Uganda is the latest African country to switch to Dolutegravir (DTG) as the first line drug to treat HIV, but women of reproductive age will be excluded from the regimen over fears of potential side effects on unborn babies, experts say.
Developing countries, especially in Africa, have been using Efavirenz-based antiretroviral drugs as the prevention treatment option for HIV, but many are now switching to DTG because of its superior benefits.
DTG has fewer side effects, greater potency against drug resistance and suppresses the viral load faster. A person whose viral load is suppressed has a reduced risk of infecting their sexual partners.
The head of the Aids Control Programme at Uganda’s Health Ministry Dr Joshua Musinguzi said the decision to leave out women of reproductive age (14-49 years) is based on recommendations from the World Health Organisation, following preliminary results of a study conducted in Botswana.
The study found increased risk of birth defects in children born to HIV-positive women who were taking DTG at the time of conception.
Although the report is inconclusive, WHO recommended that women of childbearing age, especially those in the first few weeks of pregnancy, should not take the drug.
“As a safety measure, the ministry decided that only HIV-positive girls under 14, menopausal women and those on long term family planning methods would be eligible for the new drug,” said Dr Musinguzi.
The rest will continue using Efavirenz. All men will also be enrolled on the new drug.
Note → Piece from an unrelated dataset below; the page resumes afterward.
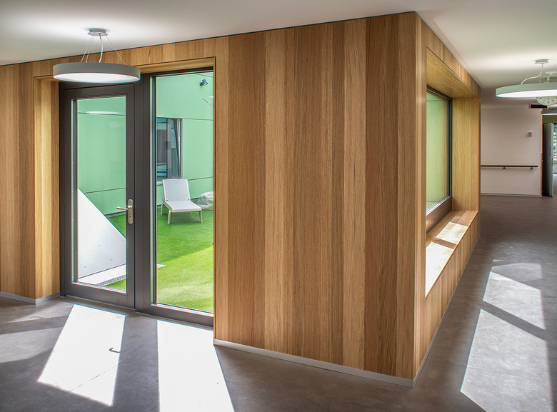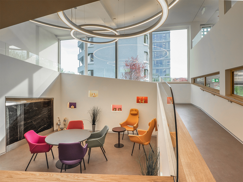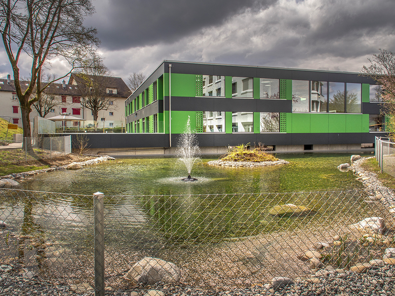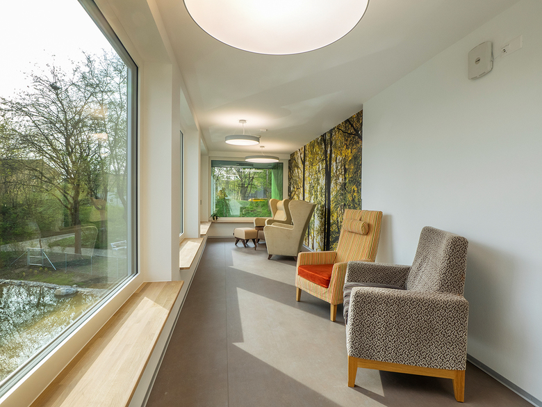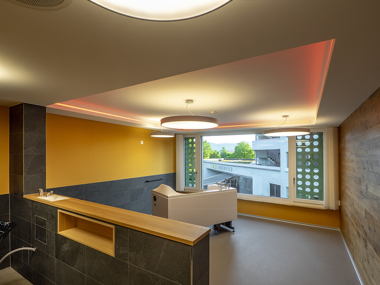 Das Haus am Teich ist eine geschützte Abteilung des Lindenfeld, geplant als Haus für mobile, weglaufgefährdete, demente Bewohner und Bewohnerinnen. Das Haus soll in sich als kleines Dorf funktionieren, das auf 2 Geschossen organisiert ist. Die Gehrampe verbindet die 2 Geschosse, macht das Haus mit dem Innenhof zusammen in der Vertikalen erlebbar und öffnet von verschiedenen Orten Ein- und Ausblicke. Der Rundlauf durchs Haus setzt sich über die verschiedenen Aufenthaltsbereiche im Garten fort. An den drei verschiedenen Aufenthaltsbereichen kann der Garten aus geschützten Bereichen heraus beobachtet oder betreten werden. An heissen Tagen oder in der Übergangszeit lässt sich im Innenhof angenehm draussen verweilen. Im Obergeschoss ist eine separierte Bürofläche geplant, die die knappe Bürofläche im Lindenfeld ergänzt.

However, health-rights activists say excluding women from a drug with proven benefits is a violation of their rights.
Martha Akello from the International Community of Women Living with HIV/Aids-Eastern Africa said a blanket exclusion of women in the childbearing age group means potential eligible women who would have otherwise benefited from the drug will miss out.
“Not all women in the childbearing age are interested in having babies while others already have the number of children they want. The Ministry needs to look at this issue on a case by case basis instead of placing a total ban,” said Ms Akello.
She said that instead, women should be counselled and given information about the drug and the potential impact it could have, to enable them to make informed choices on their own.
But Dr Musinguzi said the government’s decision is in the best interest of women and their children.